• Required action: Wherever a picture sits, omit it. Output the rest of the listing exactly.
[[ Information provided, beginning ]]
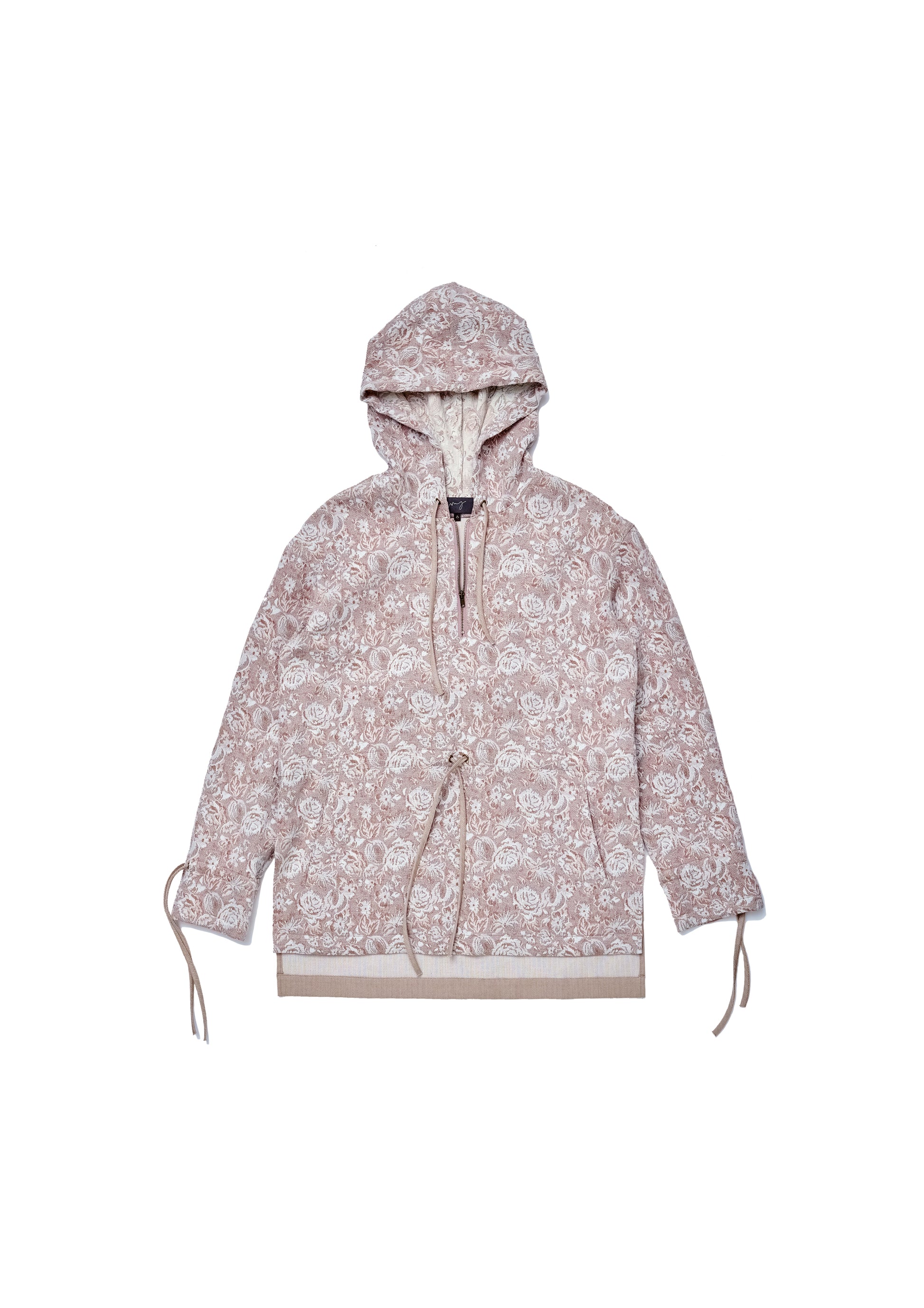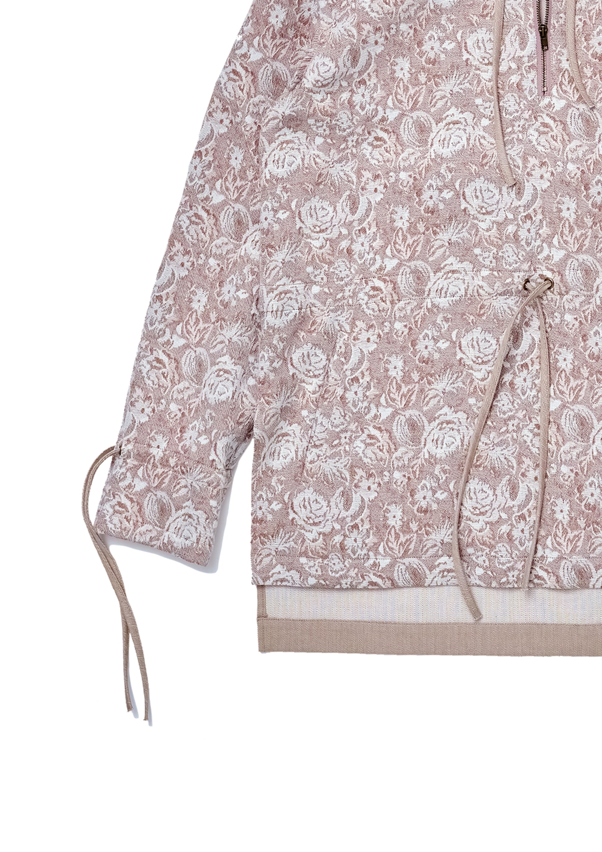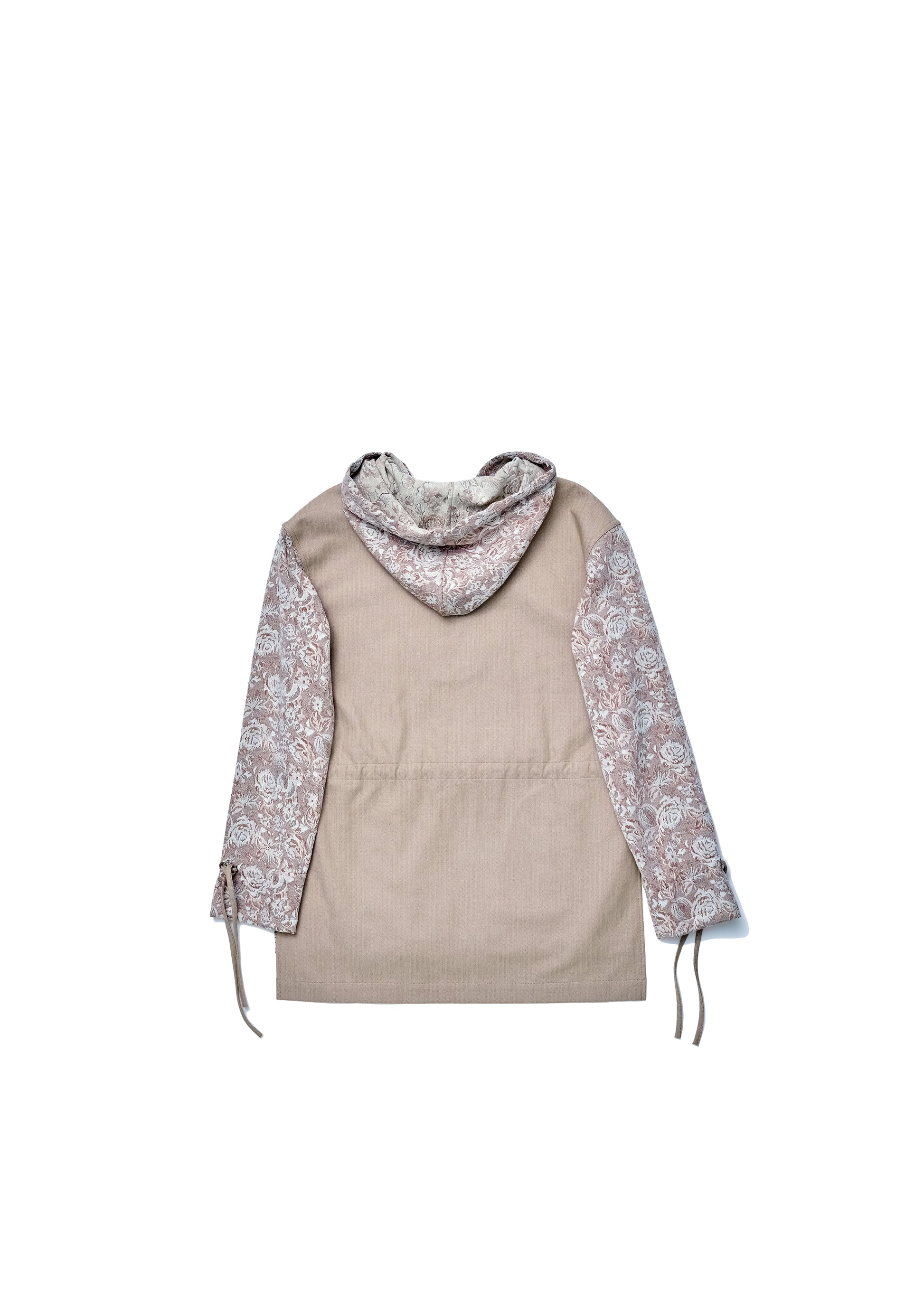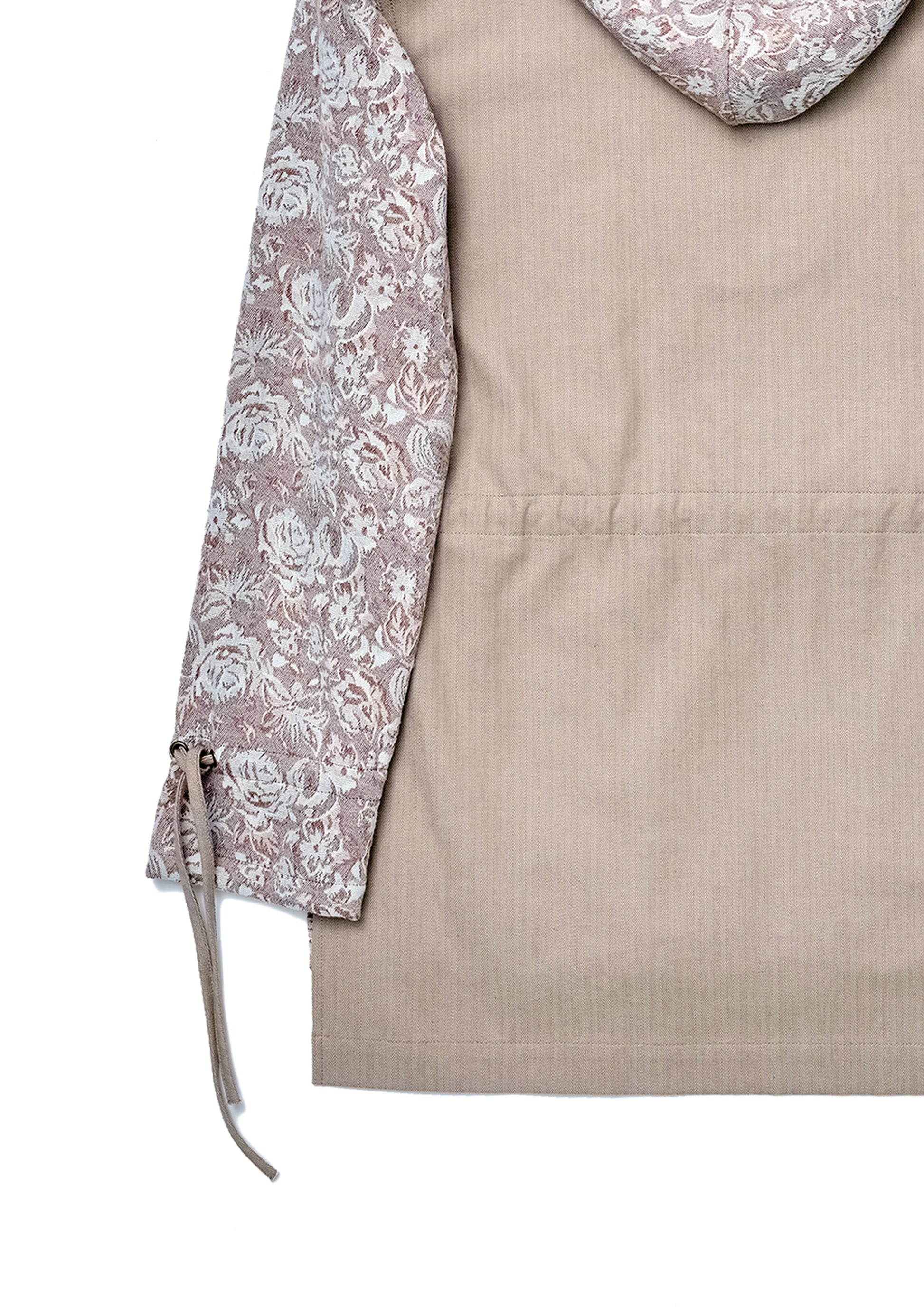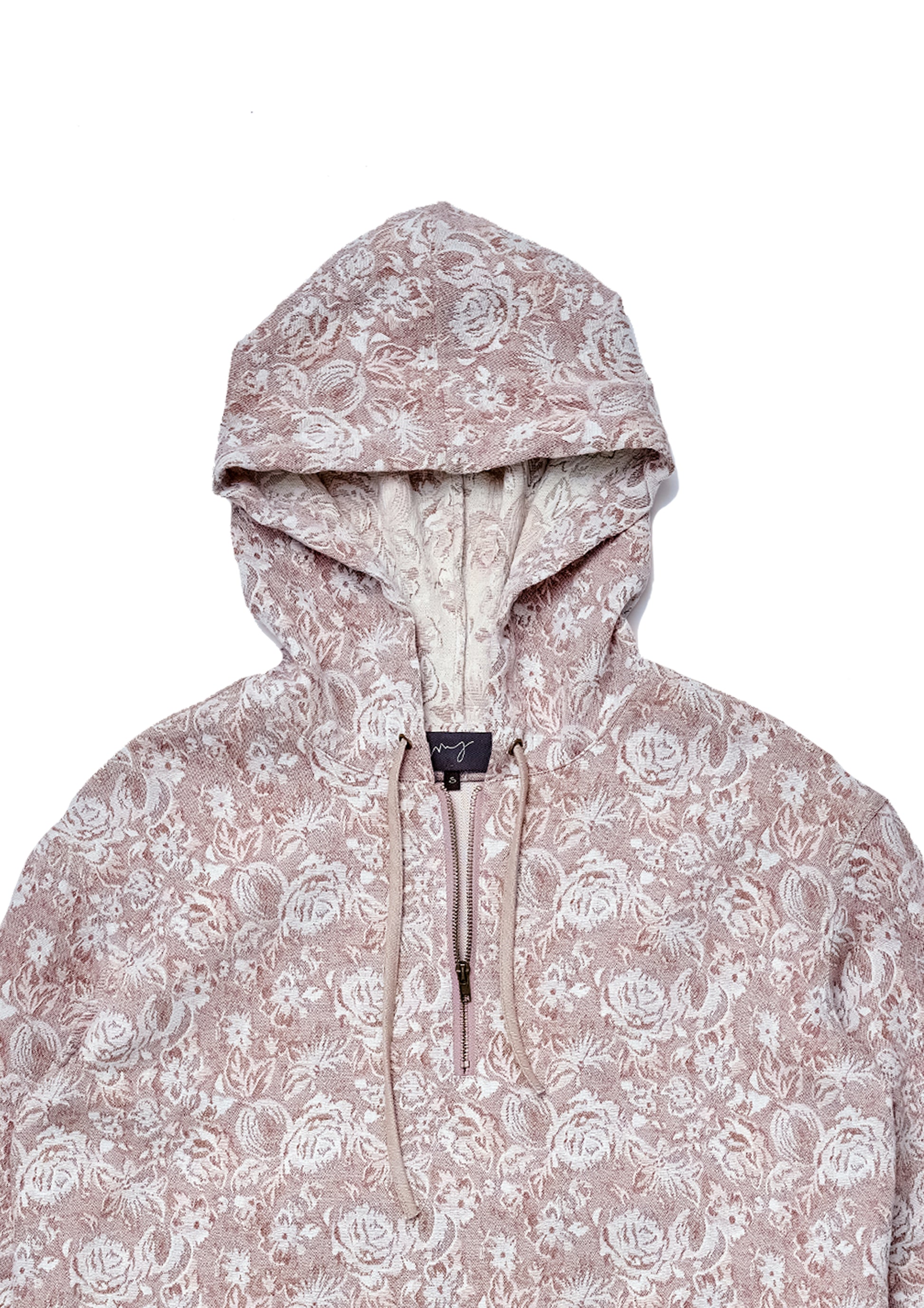 Floral jacquard patched herringbone woven hoodie in Sienna
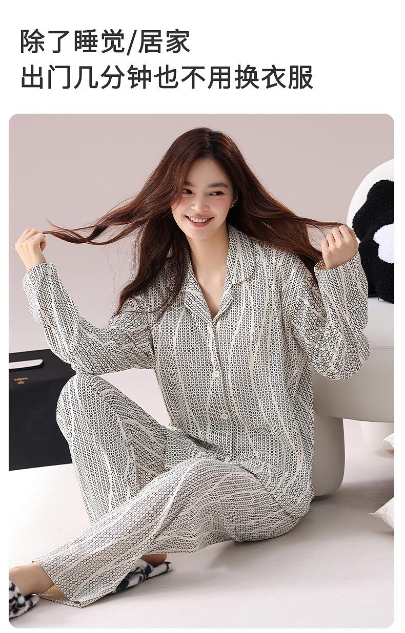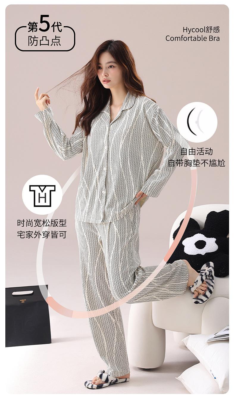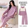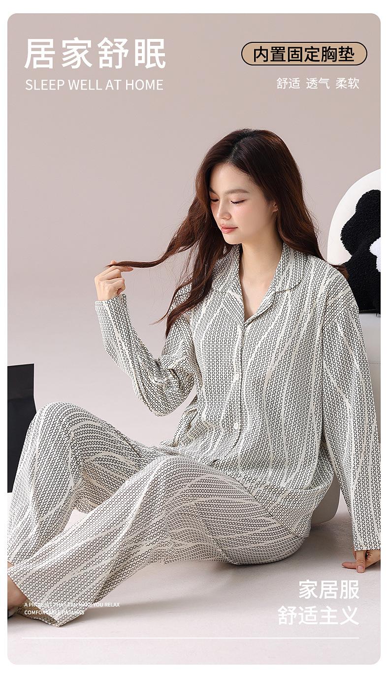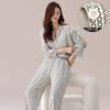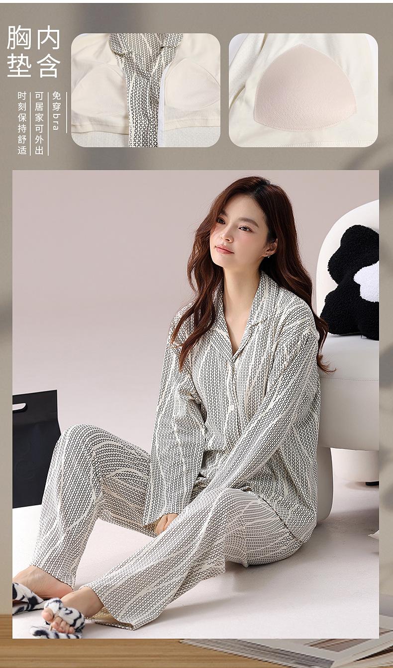[Puro algodão] 40 duplo-face pijamas senhoras com almofada no peito primavera e outono e inverno de manga comprida roupas para casa terno listrado casual
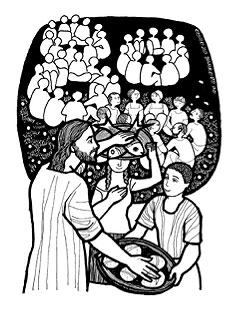 Jesus welcomes all that go to him, speaks his liberating word to them, and gives them food when they are hungry. In the Eucharist Christ gives himself and renews the covenant.
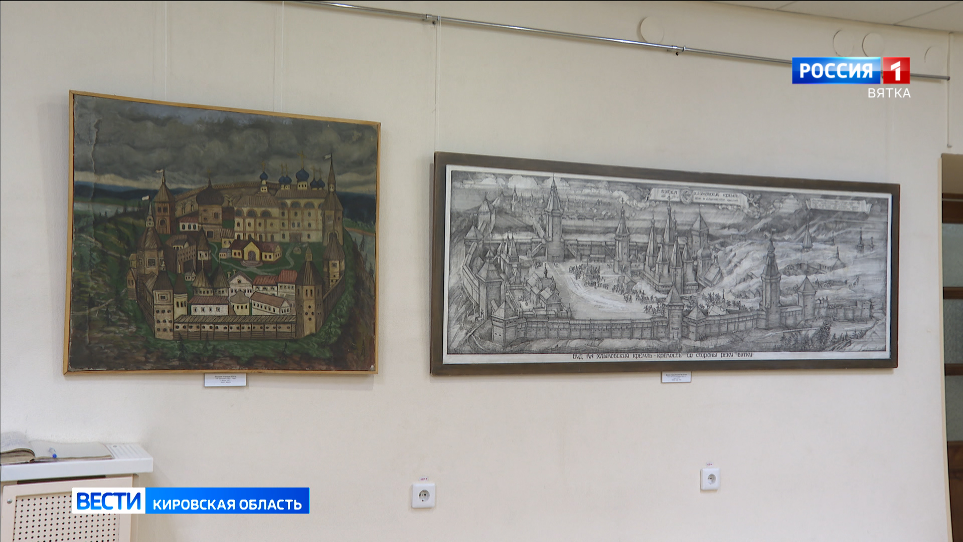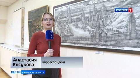 «А погрузиться в прошлое помогут картины кировских художников. Например, здесь мы видим Хлынов и Хлыновский Кремль 14-15 веков».
[[ Information provided, end ]]
• Result:
 Floral jacquard patched herringbone woven hoodie in Sienna
[Puro algodão] 40 duplo-face pijamas senhoras com almofada no peito primavera e outono e inverno de manga comprida roupas para casa terno listrado casual
 Jesus welcomes all that go to him, speaks his liberating word to them, and gives them food when they are hungry. In the Eucharist Christ gives himself and renews the covenant.
 «А погрузиться в прошлое помогут картины кировских художников. Например, здесь мы видим Хлынов и Хлыновский Кремль 14-15 веков».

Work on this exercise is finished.